I have 2 computers. One has an old motherboard with sata 1,5. The other is a dell dimension 9150, with sata 3. In both cases they have an IDE dvd writer and in both cases the DVD writer needs to be replaced.

As it is too difficult and expensive to try and find a replacement IDE dvd writer, I was thinking of buying for each pc a sata dvd writer (the Lite-On IHAS 124-19) and connect it to an empty sata port with a new sata cable and a molex to sata power adapter.

My question: will that particular dvd writer and those cables work in the said PCs? In other words, I believe that the sata 1,5 / 3 / 6 data flow speed is restricted by the motherboards and not by the dvd writer or cables, so this particular dvd writer should work with any sata connector, is that right? And I can use any sata cable as well right? I am asking this because I have seen several shops sell sata II or sata III cables, but that really does not exist right? I mean a sata cable is a sata cable and it fits on any and all sata connector right?

Thanks for helping!


----------



## Tyree (May 10, 2009)

If there is an open SATA port, you can use a SATA optical drive.
If your PSU does not have SATA power connectors, you will need to use the SATA to Molex adapter.


----------



## peterpan9988 (Feb 21, 2011)

Thank you for your answer, but it seems a bit standard and ambiguous.

My question was can a *new* type sata optical drive (advertized as a sata III optical drive) also be attached to an old motherboard with *old* sata connections (in this case sata I @ 1,5Gbit/s or sata II @ 3Gbit/s).

And if so, do I need a special sata *data* cable or are all sata data cables identical, even though some are clearly branded sata II or sata III, black or red?
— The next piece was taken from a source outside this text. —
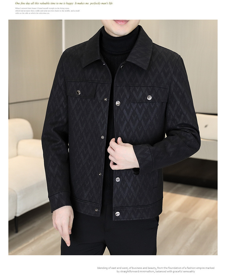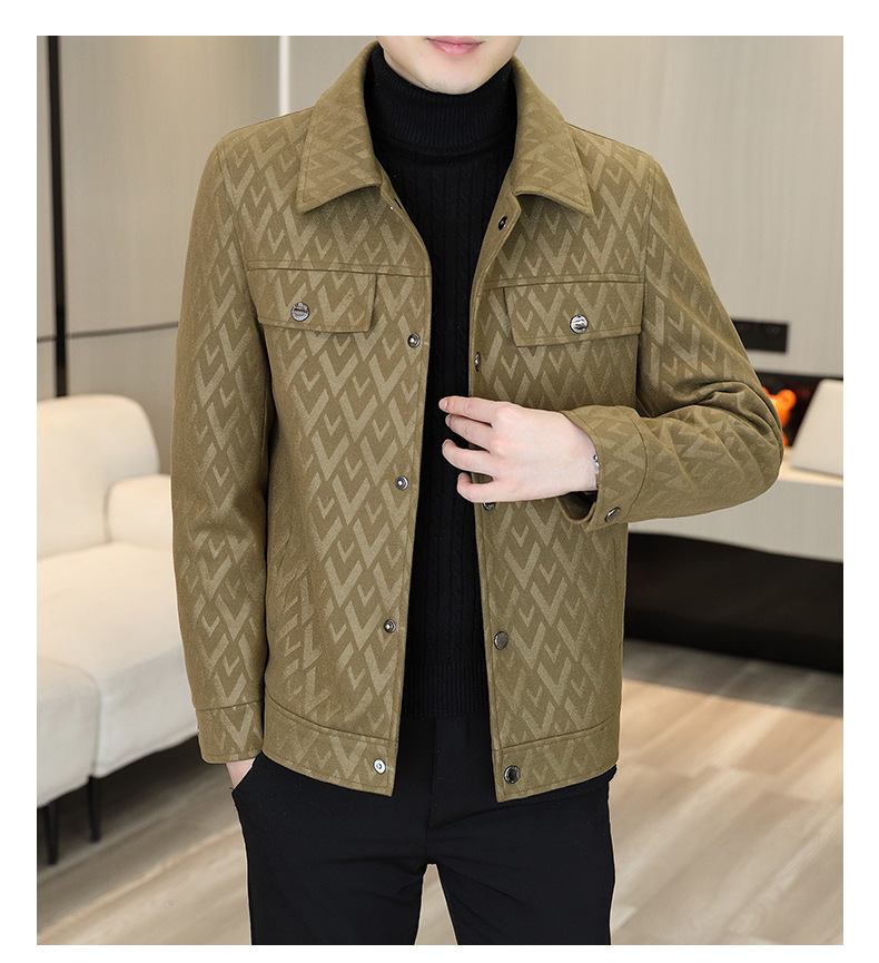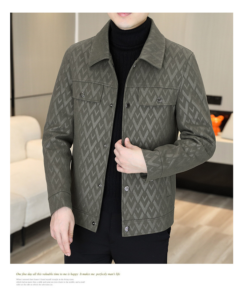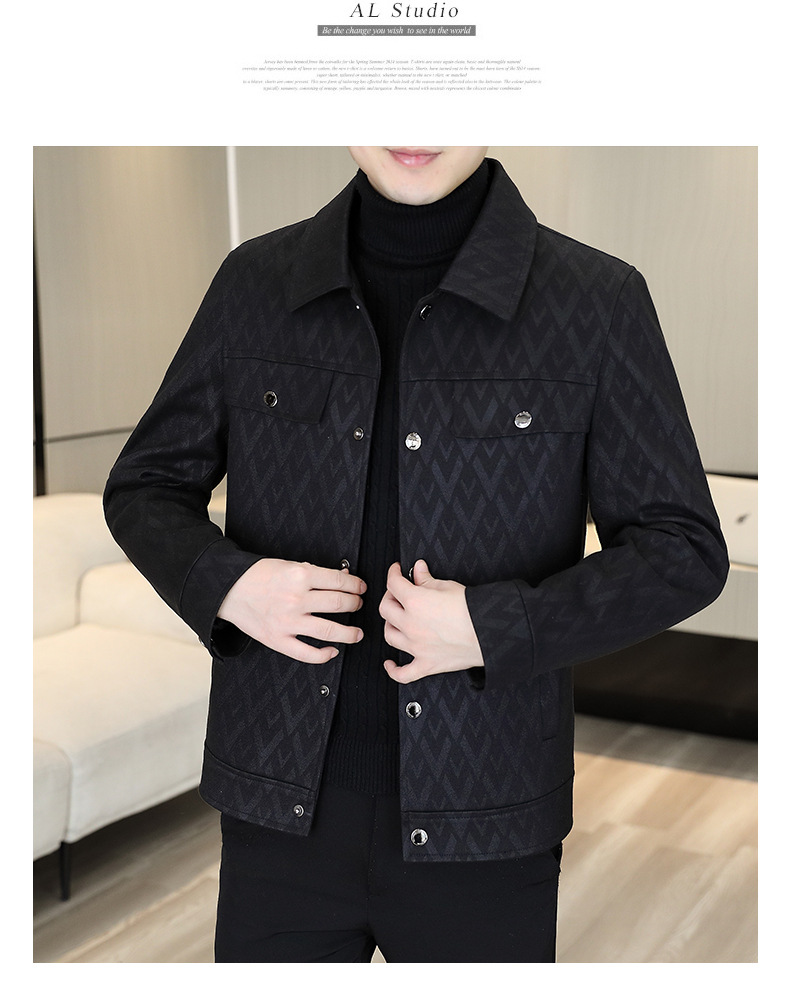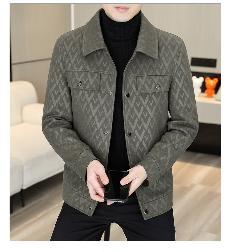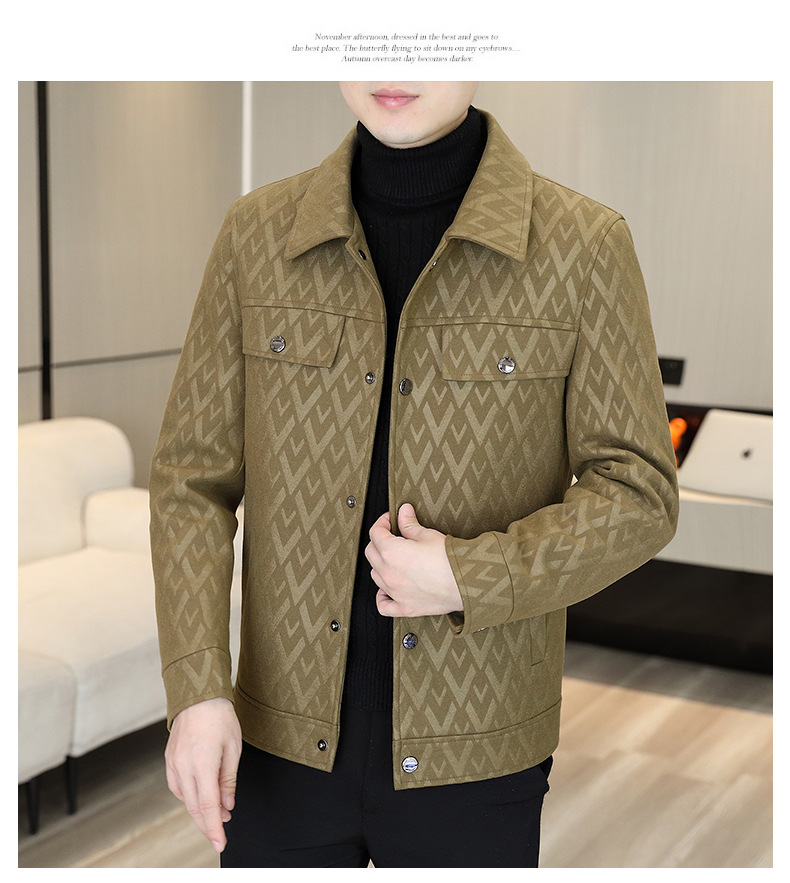 提花夹克男士外套2025新款翻领上衣服男款加绒加厚秋冬装潮

Because I cannot find sata I data cables, only sata I or sata III.


----------



## Tyree (May 10, 2009)

peterpan9988 said:


> My question was can a *new* type sata optical drive (advertized as a sata III optical drive) also be attached to an old motherboard with *old* sata connections (in this case sata I @ 1,5Gbit/s or sata II @ 3Gbit/s).


Yes



peterpan9988 said:


> And if so, do I need a special sata *data* cable or are all sata data cables identical, even though some are clearly branded sata II or sata III, black or red? Because I cannot find sata I data cables, only sata I or sata III.


Any SATA cable will work.


----------